→ Activity
With pictures left out, copy exactly every line from the one containing "Ingredients: Sea Salt, Turbinado" through the end of the material.
□ □ □ □ □ □ □
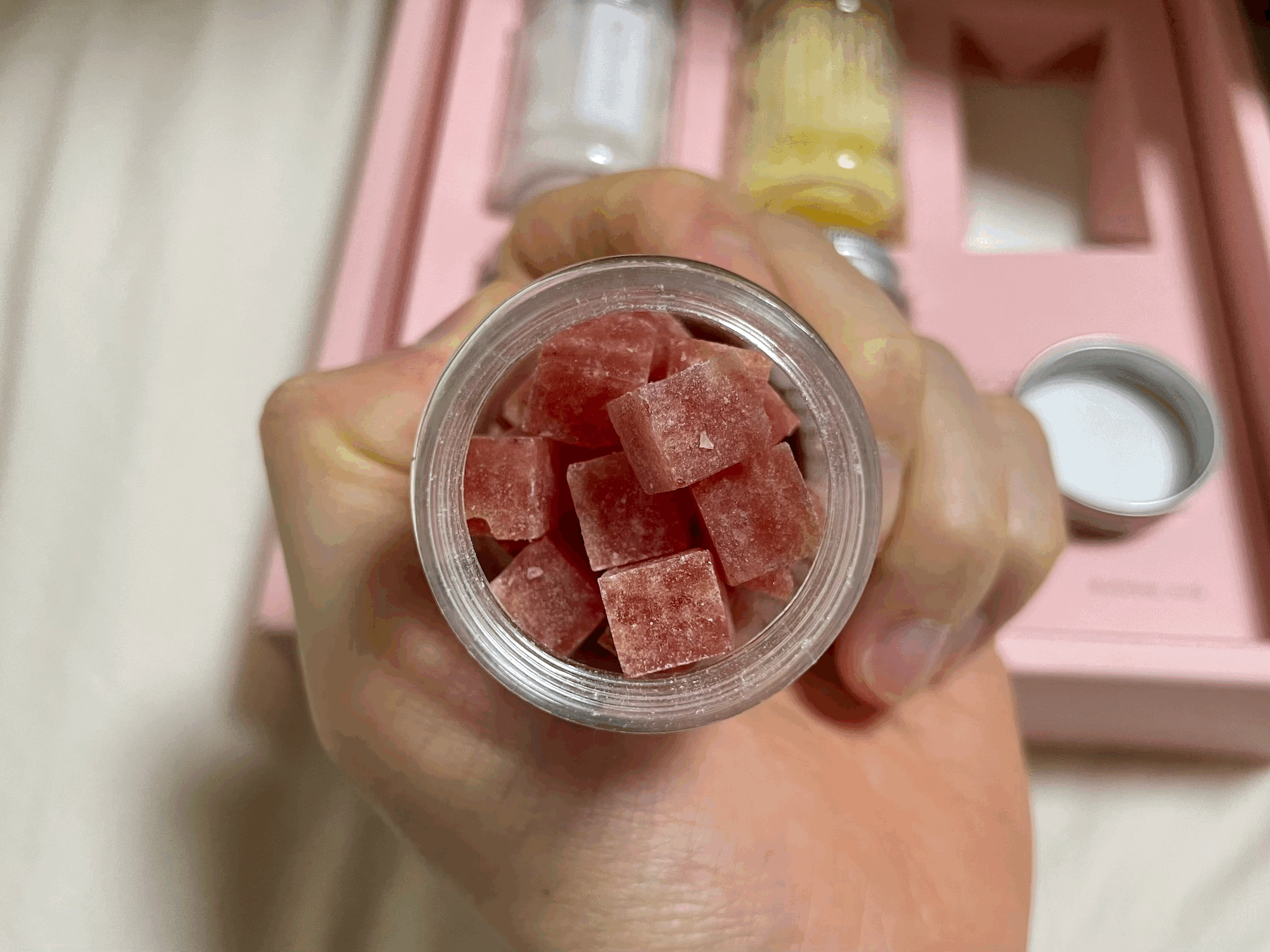 일단 녹여먹으면 시간이 꽤 걸리는 편인데 씹어서 깨뜨리면 가루가 되어 순식간에 입에서 사라진다. 색깔별로 맛과 단맛의 정도가 다르다. 개인적으로는 레몬맛이 1순위, 체리맛이 2순위, 초콜릿맛, 페퍼민트향은 그냥 그랬다. 페퍼민트향은 흔히 아는 자일리톨 껌맛이 나고, 자일리톨 100%짜리 투명한 캔디는 정말 아무 맛도 느껴지지 않는다. 입가심용 그 이상 이하도 아닌 듯하다.
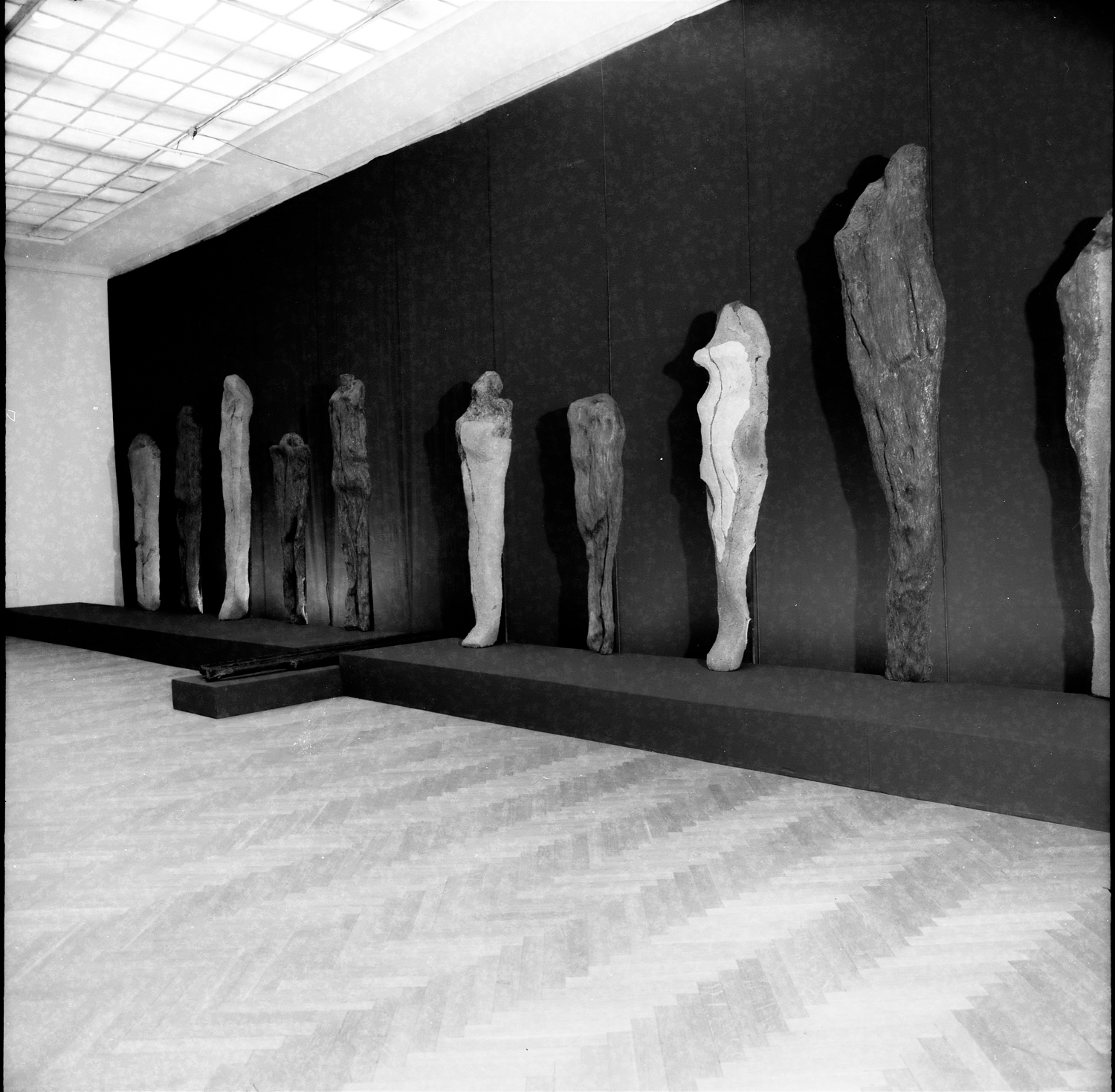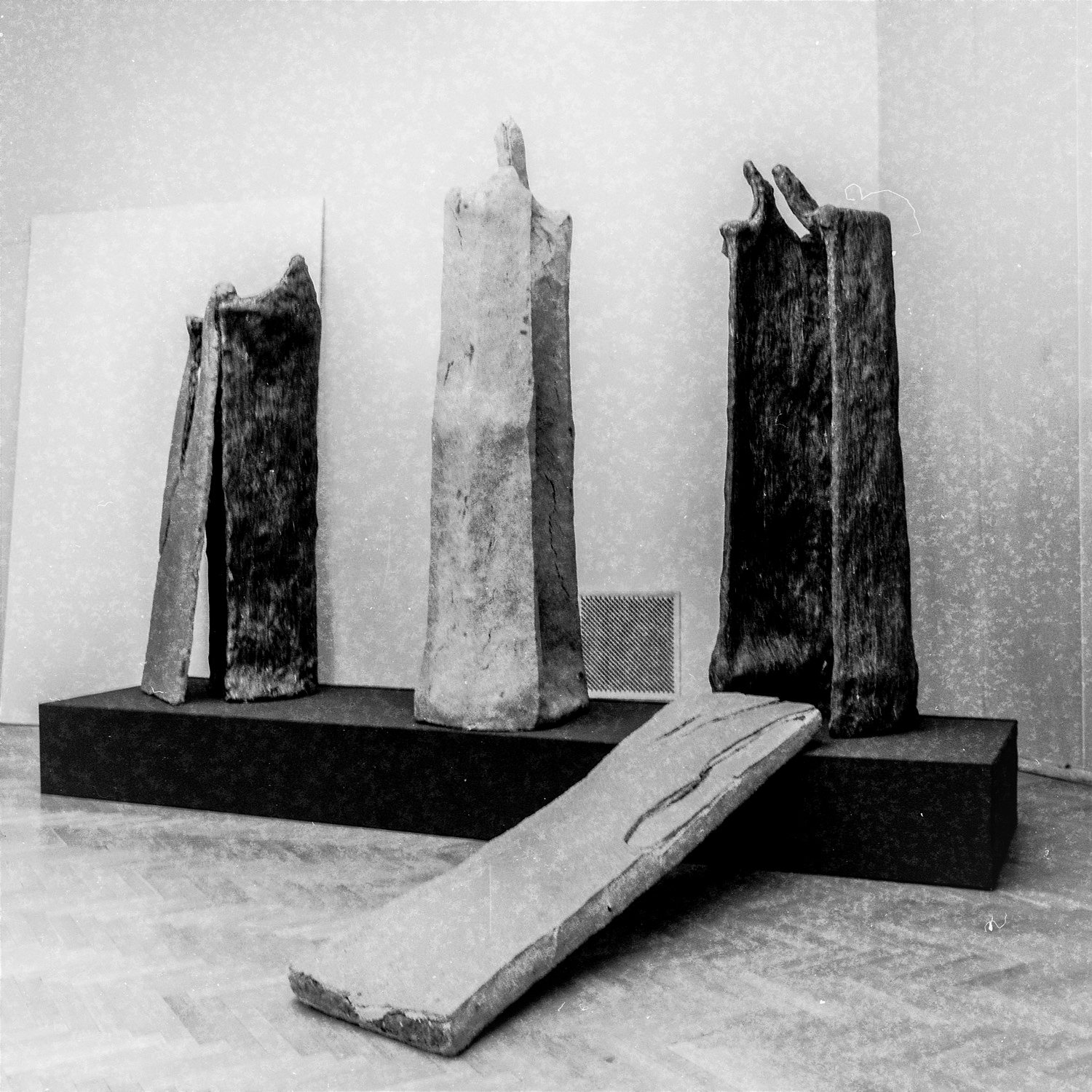 Wystawa Bożenny Biskupskiej -Misterium Czasu, Narodowa Galeria Sztuki - Zachęta, Warszawa, 1986 rok. Rzeźby z cyklu Misterium Czasu.
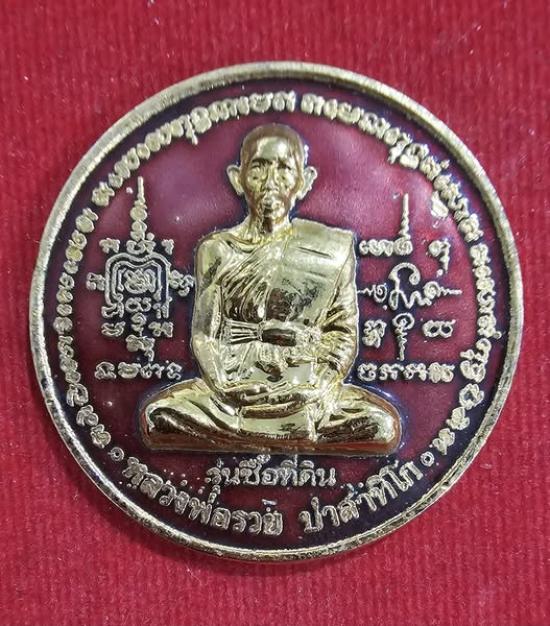 หลวงพ่อรวย วัดตะโก จ.อยุธยา เหรียญซื้อทีดิน ปี 2541 เนื้อกะไหล่ทองลงยาสีแดงหายากๆ
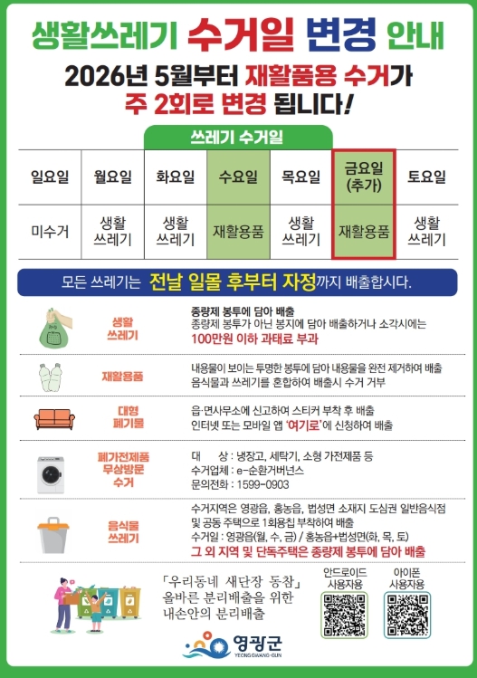 영광군 환경과 관계자는 “재활용품 수거 횟수 확대는 군민 생활 편의를 높이고 깨끗한 환경을 조성하기 위한 조치”라며 “우리동네 새단장을 위하여 군민들께서도 올바른 배출 문화 정착에 적극 참여해 주시기 바란다”고 당부했다.
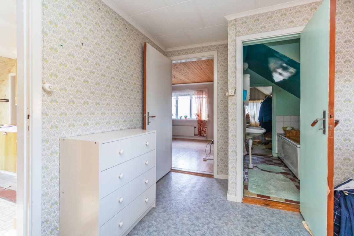 Entréplanet rymmer vardagsrum, matrum, kök samt ett badrum. På övre plan finns två sovrum, en praktisk sovalkov och ytterligare ett badrum. Kommunalt vatten och avlopp samt vattenburet värmesystem.
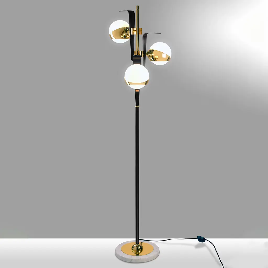 Incredibly sleek and refined in its linear design, this stupendous floor lamp will take center stage in a refined contemporary interior. Fashioned of black and gold-lacquered brass, it rests on a white marble base and features three stunningly luminous spherical shades. Please inquire with the Concierge for further details on materials.
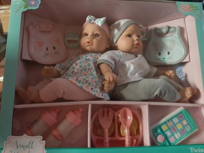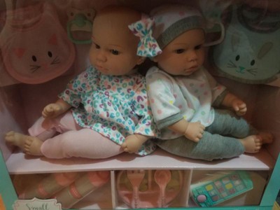 The cutest twins dolls, I have ever seen. You get a boy and a girl. Super cute outfits, the baby girl comes dress in pink with pink pants and a pink headband and a baby bottle. The boy comes dress in grey and blue with a beanie. Super cute eyes. They are so adorable!
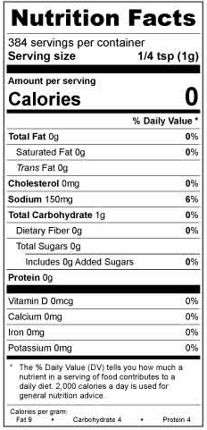 Ingredients: Sea Salt, Turbinado Sugar, Brown Sugar, Chile Peppers & Spices. NO MSG. Naturally Gluten Free.
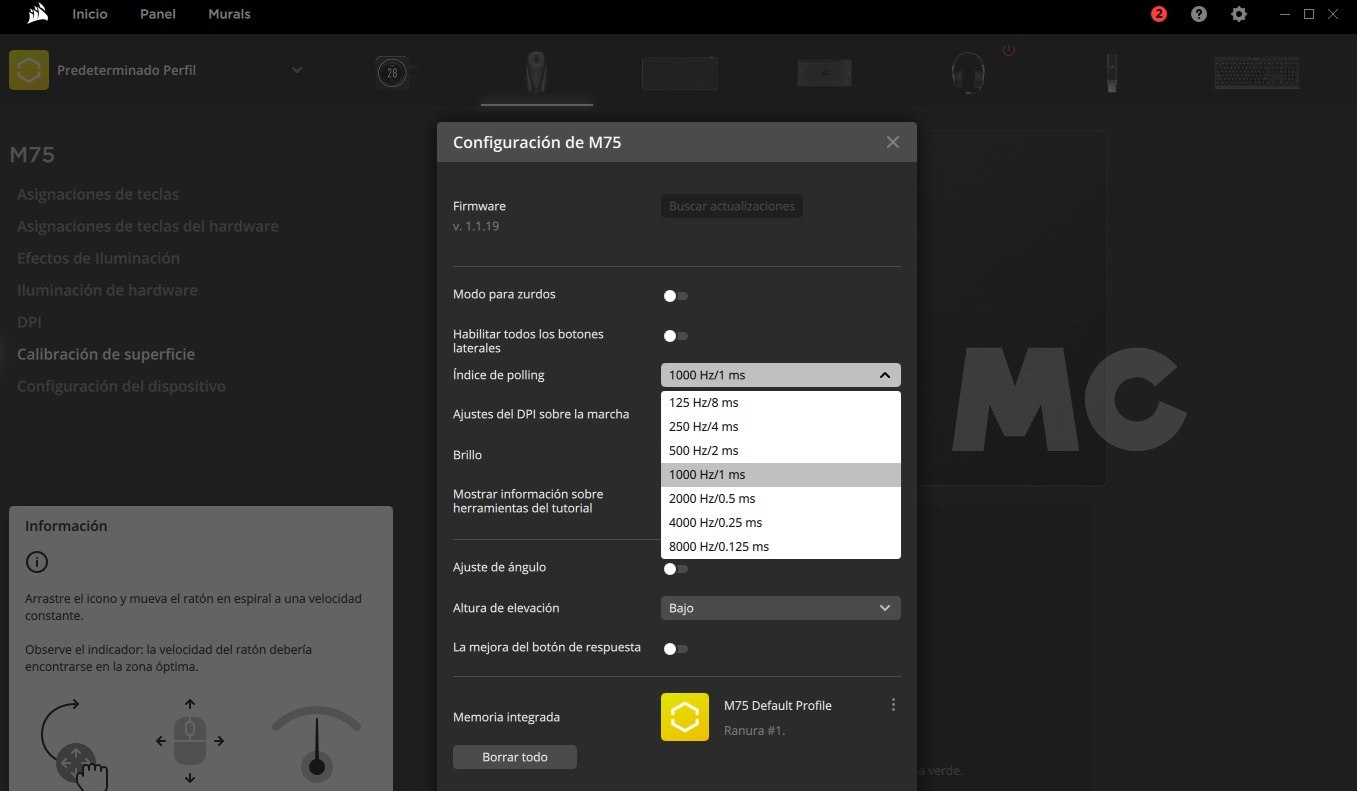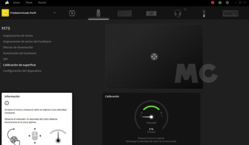 - Calibración de superficie, que es importante porque nos permitirá adaptar el seguimiento del ratón a la superficie sobre la que lo estemos utilizando, y mejorando su movimiento y la experiencia de uso en general.
□ □ □ □ □ □ □
→ Task solution
 Ingredients: Sea Salt, Turbinado Sugar, Brown Sugar, Chile Peppers & Spices. NO MSG. Naturally Gluten Free.
 - Calibración de superficie, que es importante porque nos permitirá adaptar el seguimiento del ratón a la superficie sobre la que lo estemos utilizando, y mejorando su movimiento y la experiencia de uso en general.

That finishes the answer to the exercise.